[Exercise brief] Please copy out the entries until you have copied the line that contains "For redirecting compositions", beginning with the first line.

[Material for this exercise]
************

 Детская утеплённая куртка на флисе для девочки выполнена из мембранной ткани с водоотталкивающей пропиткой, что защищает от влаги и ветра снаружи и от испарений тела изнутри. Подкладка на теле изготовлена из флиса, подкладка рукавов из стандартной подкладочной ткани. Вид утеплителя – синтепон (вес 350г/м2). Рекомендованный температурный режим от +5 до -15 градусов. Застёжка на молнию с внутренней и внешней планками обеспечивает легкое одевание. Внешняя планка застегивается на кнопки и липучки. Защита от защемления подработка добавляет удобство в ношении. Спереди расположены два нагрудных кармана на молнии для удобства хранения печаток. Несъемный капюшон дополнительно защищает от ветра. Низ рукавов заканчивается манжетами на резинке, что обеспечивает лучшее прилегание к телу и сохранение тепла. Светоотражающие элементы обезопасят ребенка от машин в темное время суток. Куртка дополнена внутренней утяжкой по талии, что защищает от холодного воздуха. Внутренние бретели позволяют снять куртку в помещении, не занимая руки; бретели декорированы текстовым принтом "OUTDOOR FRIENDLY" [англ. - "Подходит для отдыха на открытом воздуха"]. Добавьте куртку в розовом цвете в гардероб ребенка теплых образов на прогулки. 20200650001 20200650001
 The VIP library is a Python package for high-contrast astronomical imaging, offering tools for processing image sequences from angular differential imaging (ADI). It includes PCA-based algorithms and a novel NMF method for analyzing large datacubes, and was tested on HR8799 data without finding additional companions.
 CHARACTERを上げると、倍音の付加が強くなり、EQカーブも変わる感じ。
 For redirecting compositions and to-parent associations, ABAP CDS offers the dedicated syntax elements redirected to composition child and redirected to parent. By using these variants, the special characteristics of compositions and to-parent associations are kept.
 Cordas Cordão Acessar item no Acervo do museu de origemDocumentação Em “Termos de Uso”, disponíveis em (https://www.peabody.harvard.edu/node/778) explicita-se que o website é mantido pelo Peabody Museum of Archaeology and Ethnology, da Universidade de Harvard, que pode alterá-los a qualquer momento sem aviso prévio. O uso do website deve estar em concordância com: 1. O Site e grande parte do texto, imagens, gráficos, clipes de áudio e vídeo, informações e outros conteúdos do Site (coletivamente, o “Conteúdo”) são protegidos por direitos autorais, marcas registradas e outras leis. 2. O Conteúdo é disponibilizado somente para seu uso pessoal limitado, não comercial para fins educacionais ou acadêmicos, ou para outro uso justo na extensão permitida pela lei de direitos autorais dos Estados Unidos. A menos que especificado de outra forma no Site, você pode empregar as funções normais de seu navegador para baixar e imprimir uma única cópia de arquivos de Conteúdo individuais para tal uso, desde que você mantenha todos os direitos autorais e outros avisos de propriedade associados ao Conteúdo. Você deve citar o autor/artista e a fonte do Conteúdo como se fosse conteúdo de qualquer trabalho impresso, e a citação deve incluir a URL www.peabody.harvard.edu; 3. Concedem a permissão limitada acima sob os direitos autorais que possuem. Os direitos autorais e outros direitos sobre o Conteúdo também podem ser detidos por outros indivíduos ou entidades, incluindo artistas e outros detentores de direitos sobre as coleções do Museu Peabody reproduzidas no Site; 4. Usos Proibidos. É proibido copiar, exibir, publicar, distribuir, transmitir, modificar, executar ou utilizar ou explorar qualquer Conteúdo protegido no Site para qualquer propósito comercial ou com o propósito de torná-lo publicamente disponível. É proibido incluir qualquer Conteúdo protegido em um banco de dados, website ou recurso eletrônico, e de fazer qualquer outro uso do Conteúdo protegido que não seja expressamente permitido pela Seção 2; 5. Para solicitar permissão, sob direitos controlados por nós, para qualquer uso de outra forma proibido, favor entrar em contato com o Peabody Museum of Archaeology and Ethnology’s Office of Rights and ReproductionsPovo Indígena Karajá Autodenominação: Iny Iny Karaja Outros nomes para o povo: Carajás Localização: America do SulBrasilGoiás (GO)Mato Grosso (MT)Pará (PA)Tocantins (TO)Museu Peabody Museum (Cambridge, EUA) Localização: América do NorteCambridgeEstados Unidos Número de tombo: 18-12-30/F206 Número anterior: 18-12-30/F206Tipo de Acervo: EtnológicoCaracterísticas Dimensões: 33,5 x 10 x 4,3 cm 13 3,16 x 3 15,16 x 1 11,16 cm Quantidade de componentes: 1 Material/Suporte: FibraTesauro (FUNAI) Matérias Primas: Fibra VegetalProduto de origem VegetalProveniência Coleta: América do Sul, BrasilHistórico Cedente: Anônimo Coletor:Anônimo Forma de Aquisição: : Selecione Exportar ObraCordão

************

[Solution below]
 Детская утеплённая куртка на флисе для девочки выполнена из мембранной ткани с водоотталкивающей пропиткой, что защищает от влаги и ветра снаружи и от испарений тела изнутри. Подкладка на теле изготовлена из флиса, подкладка рукавов из стандартной подкладочной ткани. Вид утеплителя – синтепон (вес 350г/м2). Рекомендованный температурный режим от +5 до -15 градусов. Застёжка на молнию с внутренней и внешней планками обеспечивает легкое одевание. Внешняя планка застегивается на кнопки и липучки. Защита от защемления подработка добавляет удобство в ношении. Спереди расположены два нагрудных кармана на молнии для удобства хранения печаток. Несъемный капюшон дополнительно защищает от ветра. Низ рукавов заканчивается манжетами на резинке, что обеспечивает лучшее прилегание к телу и сохранение тепла. Светоотражающие элементы обезопасят ребенка от машин в темное время суток. Куртка дополнена внутренней утяжкой по талии, что защищает от холодного воздуха. Внутренние бретели позволяют снять куртку в помещении, не занимая руки; бретели декорированы текстовым принтом "OUTDOOR FRIENDLY" [англ. - "Подходит для отдыха на открытом воздуха"]. Добавьте куртку в розовом цвете в гардероб ребенка теплых образов на прогулки. 20200650001 20200650001
 The VIP library is a Python package for high-contrast astronomical imaging, offering tools for processing image sequences from angular differential imaging (ADI). It includes PCA-based algorithms and a novel NMF method for analyzing large datacubes, and was tested on HR8799 data without finding additional companions.
 CHARACTERを上げると、倍音の付加が強くなり、EQカーブも変わる感じ。
 For redirecting compositions and to-parent associations, ABAP CDS offers the dedicated syntax elements redirected to composition child and redirected to parent. By using these variants, the special characteristics of compositions and to-parent associations are kept.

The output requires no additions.